サイバーセキュリティと AI ガバナンスの欠如

The real recent story of AI has been the background work being done on Cybersecurity, as we process the Mythos Moment along with GPT-5.5, and figure out both how to patch the internet and what our new regulatory regime is going to look like.

The Trump Administration is being dragged, kicking and screaming, into the era of at least some situational awareness, and acknowledgment that catastrophic risks are very much a real risk and they need to have a role in supervising frontier model releases. Now that they’re there, Commerce is deciding who gets access to the most powerful model in the world, and they are fighting Intelligence and the national security state over who should be in charge.

Another question is, exactly how strong is Mythos, both compared to past model and to GPT-5.5 and also in absolute terms? We got multiple new reports on that, as well as the METR graph results.

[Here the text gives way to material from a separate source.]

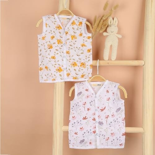 Moms Home 100% organic muslin cotton baby jhabla and nappy set. This ultra-comfortable outfit is crafted from highly breathable fabric that becomes even softer after each wash. The material is prewashed and free from any harmful dyes. Offered in adorable, summery patterns.

There’s little question Mythos is a big deal, but there’s a wide range of big deals out there.

Part of the new report from UK AISI is learning that there is a substantial gap between the abilities of the early Mythos Preview (Mythos Preview Preview?) that UK AISI originally reviewed, versus the final version. One would expect more continuous improvement is going on, invisibly to us, in the background.

Table of Contents

On Your Marks.

How Good Is Mythos?

Cyber Lack of Security.

Greetings From The Department of War.

The Prior Restraint Era Begins.

Commerce Versus Intelligence.

The Quest for Sane Regulations.

On Your Marks

It is difficult to fully fill the METR.

At 50% success rates, Mythos is above the threshold where METR’s methodology is reliable, which tells us very little since that result is on trend.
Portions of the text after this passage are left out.